I think the reason for the discrepancy between the auto and manual is the final drive ratio is different.

Mine's a manual with about 23k miles on it now. I prefer manual transmissions, but also wanted to maximize fuel economy as I have a long commute. See fuelly details in sig for fuel economy history.

My commute is over 100 miles per day. Most of the roads are rural highway with speed limits ranging from 55 to 70 MPH. There are a few stoplights and 4 or 5 significant grades. Where I live, almost everything I do involves a lot of time on rural highways. One might point out that my numbers benefit from an easy, all-highway commute, but I'm still beating the EPA estimate by 3 or 4 MPG and some individual tanks are better than 10% over the EPA highway estimate.

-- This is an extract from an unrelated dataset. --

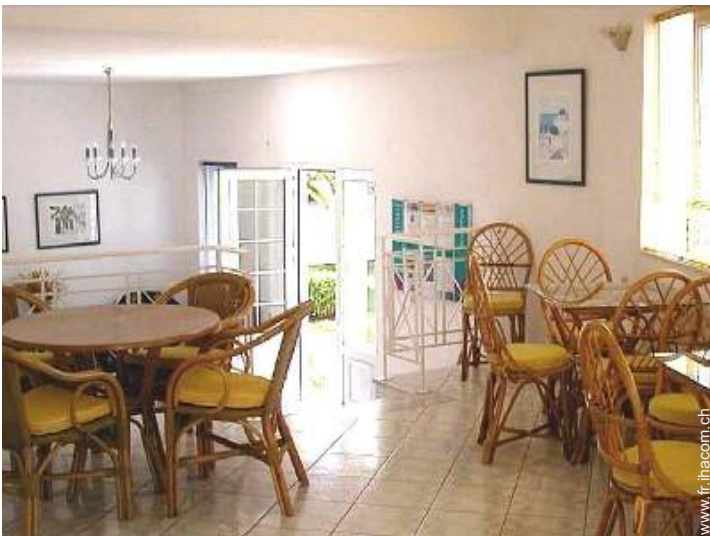
Agencement intérieur à disposition des hôtes

I'm very happy with the fuel economy. The car is comfortable and fun to drive. I would have paid up for the options available on the auto models, but more than anything I needed the long legs of a diesel and a manual transmission is more important to me than a sunroof.


----------



## 91794 (Mar 25, 2015)

For me the gen2 stickshift mpg (not counting DEF) seems to be 49 mpg on winter fuel, including LOTS of the extended winter idling like to defrost windshield on a -12F morning.

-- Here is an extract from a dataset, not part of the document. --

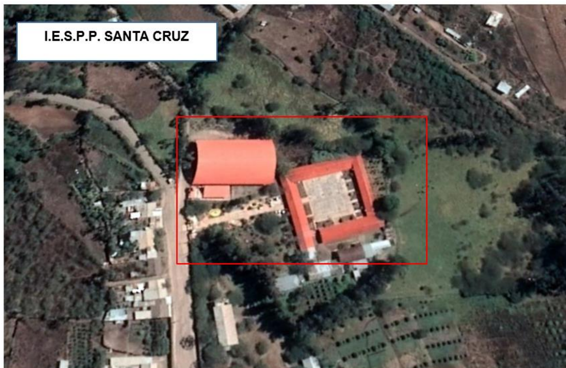
Imagen 1: Vista Satelital de I.E.S.P.P. Santa Cruz, Coordenadas N:9268327, E:726753 y C:2000 m.s.n.m

From day-1 car seemed to achieve above 50 mpg on summer fuel, about 52 to 55 mpg overall. Again not counting the gallons of DEF used. Also it got 62 mpg on the 160 mile drive back from the dealership in october, which includes ~2000 feet of elevation.


----------



## MRO1791 (Sep 2, 2016)

I have one of each, 2018 manual, and 2017 Auto. The auto doesn't have many miles to make a good comparison yet, but it's looking pretty good, I expect similar numbers, maybe a bit less than the manual overall. (manual lifetime is sitting at 44MPG, best 50 mile was 69MPG, last 50 is about 52MPG) The Gen 2 auto is an improvement over the Gen 1 auto, in most ways, though I do prefer the Gen 1 manual shift mode over the Gen 2 set-up, even with the "Shift Denied" messages when the computer reminded you who was really in charge! That said, the auto posts better in town MPG primarily due to the engine auto-stop feature that is part of the automatic transmission.. some hate this feature, it takes some getting used to.. but I don't find it a problem, and it IS entirely possible to disable this if you want to, contrary to what some have said. The manual mode "L" on the snifter sets the highest gear only, and the transmission will shift just like "D" up to that gear... but will ONLY auto-stop when all the parameters are met, in "D" only, so don't want auto stop: Drive in "L9" and it won't auto stop, and still shift through all 9 speeds.. problem solved. I concur with you on the option packages, the reason I ended up with the 2017 auto, is my wife came to like some of those features on her 2015 that the 2018 manual did not have, and only way to find a car in actual inventory was to get an auto version... it's sadly the way GM thinks most buyers will equip their cars.. only other way would be factory special order, and a hassle that would be, with no good discounts.. a hefty price to pay, and they know it. When I have more data on the auto, I'll post it.


----------